___ Records shown

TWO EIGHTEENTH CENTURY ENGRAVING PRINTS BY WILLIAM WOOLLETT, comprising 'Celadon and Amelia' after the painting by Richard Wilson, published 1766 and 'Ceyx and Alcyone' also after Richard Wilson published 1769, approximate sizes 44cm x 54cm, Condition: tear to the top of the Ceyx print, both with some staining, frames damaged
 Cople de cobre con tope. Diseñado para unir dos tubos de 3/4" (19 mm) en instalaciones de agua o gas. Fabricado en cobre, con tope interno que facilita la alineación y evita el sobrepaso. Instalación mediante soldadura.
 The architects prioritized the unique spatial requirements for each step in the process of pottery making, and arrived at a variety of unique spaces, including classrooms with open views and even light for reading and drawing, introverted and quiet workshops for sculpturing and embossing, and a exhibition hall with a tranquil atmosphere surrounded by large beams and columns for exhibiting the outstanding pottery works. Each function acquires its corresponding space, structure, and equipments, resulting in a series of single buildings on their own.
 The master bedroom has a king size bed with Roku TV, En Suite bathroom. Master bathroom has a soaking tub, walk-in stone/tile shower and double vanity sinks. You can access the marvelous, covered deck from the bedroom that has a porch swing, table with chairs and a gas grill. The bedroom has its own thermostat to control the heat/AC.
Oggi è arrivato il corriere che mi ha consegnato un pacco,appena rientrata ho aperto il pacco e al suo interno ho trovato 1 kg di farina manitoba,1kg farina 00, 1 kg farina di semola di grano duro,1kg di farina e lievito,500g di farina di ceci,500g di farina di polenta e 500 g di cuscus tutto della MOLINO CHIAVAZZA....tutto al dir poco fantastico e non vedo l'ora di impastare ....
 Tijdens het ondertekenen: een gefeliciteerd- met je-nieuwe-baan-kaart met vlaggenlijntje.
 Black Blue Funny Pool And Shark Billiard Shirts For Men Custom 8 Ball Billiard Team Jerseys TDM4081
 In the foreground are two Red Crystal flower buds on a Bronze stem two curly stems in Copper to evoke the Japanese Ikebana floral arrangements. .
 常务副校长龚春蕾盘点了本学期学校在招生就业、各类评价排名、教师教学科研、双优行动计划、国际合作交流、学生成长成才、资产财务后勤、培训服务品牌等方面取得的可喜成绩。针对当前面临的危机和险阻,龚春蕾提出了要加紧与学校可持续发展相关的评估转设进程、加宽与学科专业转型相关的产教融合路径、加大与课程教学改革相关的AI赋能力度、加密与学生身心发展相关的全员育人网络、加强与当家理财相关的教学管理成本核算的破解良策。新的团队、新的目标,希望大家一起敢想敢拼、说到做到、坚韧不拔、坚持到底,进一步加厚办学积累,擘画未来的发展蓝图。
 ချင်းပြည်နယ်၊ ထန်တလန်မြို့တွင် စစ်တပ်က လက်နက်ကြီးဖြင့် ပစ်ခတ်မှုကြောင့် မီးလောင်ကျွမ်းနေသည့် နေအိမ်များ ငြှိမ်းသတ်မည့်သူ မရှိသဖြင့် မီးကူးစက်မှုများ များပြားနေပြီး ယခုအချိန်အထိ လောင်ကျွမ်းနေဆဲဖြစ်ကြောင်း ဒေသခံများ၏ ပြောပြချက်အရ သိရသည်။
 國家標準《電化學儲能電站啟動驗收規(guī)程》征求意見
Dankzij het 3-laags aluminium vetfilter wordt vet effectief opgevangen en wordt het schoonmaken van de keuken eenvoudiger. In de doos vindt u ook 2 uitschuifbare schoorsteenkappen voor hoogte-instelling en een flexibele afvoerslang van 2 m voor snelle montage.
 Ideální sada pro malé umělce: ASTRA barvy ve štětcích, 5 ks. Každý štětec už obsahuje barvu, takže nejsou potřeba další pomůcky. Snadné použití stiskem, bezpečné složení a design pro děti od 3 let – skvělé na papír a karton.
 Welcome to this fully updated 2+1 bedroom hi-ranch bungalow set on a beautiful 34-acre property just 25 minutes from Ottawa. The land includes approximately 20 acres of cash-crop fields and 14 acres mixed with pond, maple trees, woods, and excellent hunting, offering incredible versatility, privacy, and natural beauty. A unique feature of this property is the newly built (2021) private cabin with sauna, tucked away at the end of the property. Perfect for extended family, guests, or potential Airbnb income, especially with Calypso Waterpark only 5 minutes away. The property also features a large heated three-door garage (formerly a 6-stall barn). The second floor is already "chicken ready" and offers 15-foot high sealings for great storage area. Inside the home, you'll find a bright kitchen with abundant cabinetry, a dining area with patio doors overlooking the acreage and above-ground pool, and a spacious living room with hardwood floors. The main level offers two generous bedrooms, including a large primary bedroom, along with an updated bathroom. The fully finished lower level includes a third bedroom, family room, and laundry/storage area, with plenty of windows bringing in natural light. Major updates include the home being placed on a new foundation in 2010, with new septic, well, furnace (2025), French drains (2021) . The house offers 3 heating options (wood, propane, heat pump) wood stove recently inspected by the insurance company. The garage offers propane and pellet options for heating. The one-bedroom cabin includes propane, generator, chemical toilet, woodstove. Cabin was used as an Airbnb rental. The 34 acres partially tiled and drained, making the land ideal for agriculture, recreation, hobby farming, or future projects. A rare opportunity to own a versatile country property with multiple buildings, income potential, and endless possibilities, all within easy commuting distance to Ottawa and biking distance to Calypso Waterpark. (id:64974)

______

Exercise brief – Reproduce the entries above exactly, but only the lines between the line holding "Oggi è arrivato" and the line holding "In the foreground", inclusive.

Solution –
Oggi è arrivato il corriere che mi ha consegnato un pacco,appena rientrata ho aperto il pacco e al suo interno ho trovato 1 kg di farina manitoba,1kg farina 00, 1 kg farina di semola di grano duro,1kg di farina e lievito,500g di farina di ceci,500g di farina di polenta e 500 g di cuscus tutto della MOLINO CHIAVAZZA....tutto al dir poco fantastico e non vedo l'ora di impastare ....
 Tijdens het ondertekenen: een gefeliciteerd- met je-nieuwe-baan-kaart met vlaggenlijntje.
 Black Blue Funny Pool And Shark Billiard Shirts For Men Custom 8 Ball Billiard Team Jerseys TDM4081
 In the foreground are two Red Crystal flower buds on a Bronze stem two curly stems in Copper to evoke the Japanese Ikebana floral arrangements. .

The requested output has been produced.